Artificial intelligence (AI) has come a long way since its mainstream integration in the early 1980s. While most people equate this technology to robots and other futuristic technology, AI’s uses stretch far beyond that. In fact, you’re most likely already immersed in it without even realising it — whether it’s through the apps on your phone or your own Google browser.
One industry that is certainly reaping the benefits of AI is none other than banking. Traditionally, the world of banking has had to deal with lots of paperwork and manual organisational tasks, but AI is now being used to streamline many of its processes and turn data into actionable insights.
So how else is AI changing banking?
In banking, digital transactions take place every second as customers transfer money, trade stocks, pay their bills, and more. If banks and customers aren’t careful, it could easily open up opportunities for theft, leaks, and other phishing schemes. For one, companies like Citi Ventures have begun investing in AI analysis tools to help detect fraudulent behaviour. On the other hand, there is also California-based Vectra, whose platform automates threat detection, helping to reveal hackers particularly targeting financial institutions. With 2019 shaping up to be the worst year for cybercrime yet, security is more important than ever.
24/7 Customer Service
Like most offices, brick-and-mortar banks typically operate within the traditional 9-to-5 windows. Fortunately, one of the biggest benefits to AI is convenience. Using chatbots and virtual assistants, there is always someone available to address customers’ urgent banking needs whatever time it is. In addition to answering enquiries and assisting transactions, chatbots are also good tools for directly sending personalised adverts, loan offers, and merchant services. That way, banking employees can spend more time performing meaningful tasks.
Banking is no longer just about crunching numbers – it’s about knowing how to give deeper meaning to them too. Maryville University’s feature on business analytics predicts a future driven by data, especially in the banking industry. After all, data is all about looking for trends, identifying opportunities, and reading complex information — all skills that are valuable to financial institutions. Banks can use this to create a more personalised experience for their customers, since it can read individual consumer data and monitor irregular patterns for protection. For example, Capital One’s AI assistant notifies its members if their card was charged twice for an expense or if they tipped an excessive amount at a restaurant. It’s these small, personalised details that keep consumers loyal.
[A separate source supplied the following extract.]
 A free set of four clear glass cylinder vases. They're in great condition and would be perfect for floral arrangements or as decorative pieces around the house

For many years, most jobs in the financial industry were considered irreplaceable by AI due to the “high-level of critical thinking” it demands and fairly complex nature. But today, employees from Nasdaq estimate that 90,000 jobs in asset management may disappear by 2025, thanks to AI. Automating menial tasks could also save banks thousands of dollars, as well as reduce the costs and fees that consumers pay every year.
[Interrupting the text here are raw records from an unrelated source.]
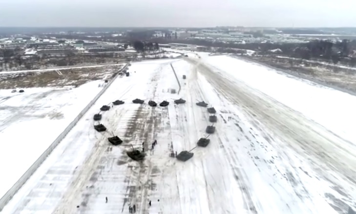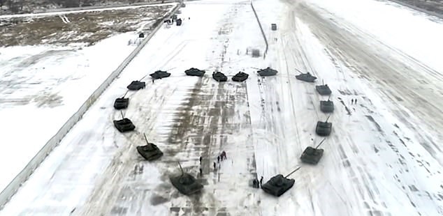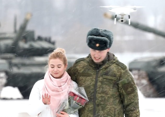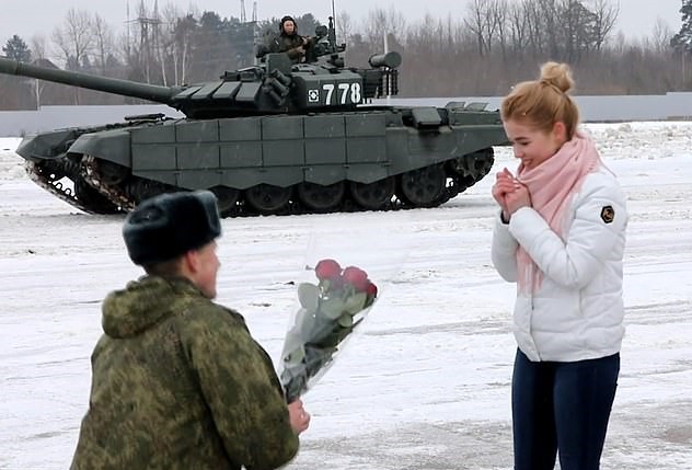 A soldier from Russia has proposed to his girlfriend in the most unconventional way by aligning 16 tanks into a heart shape on Valentine’s Day.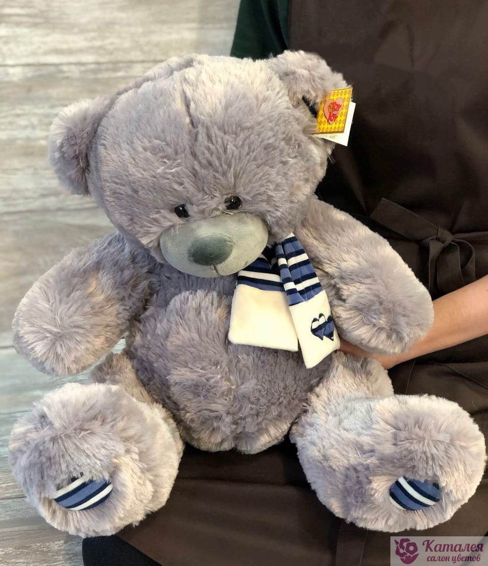Игрушка Медведя серый с шарфом. Для дополнения к цветам, и для индивидуального подарка!
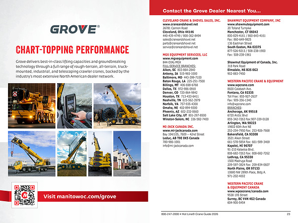 Grove delivers best-in-class lifting capacities and groundbreaking technology through a full range of rough-terrain, all-terrain, truckmounted, industrial, and telescoping crawler cranes, backed by the industry’ s most extensive North American dealer network.

Services use technology to get ahead of their competition, and financial institutions are no different. That’s where AI comes in. Besides all the cutting-edge features we’ve discussed, AI can also be used in various creative ways. For example, to keep its auto loan business relevant, the Royal Bank of Canada is creating a forecasting tool for car dealers to predict demand for vehicle purchases based on customer data. As most banks offer the same services, this is something that helps them stand out from the rest.
AI is playing a vital role in the evolution of businesses and modern enterprises. Judging by the business trends even outside banking, the adoption of AI can only continue to grow from here.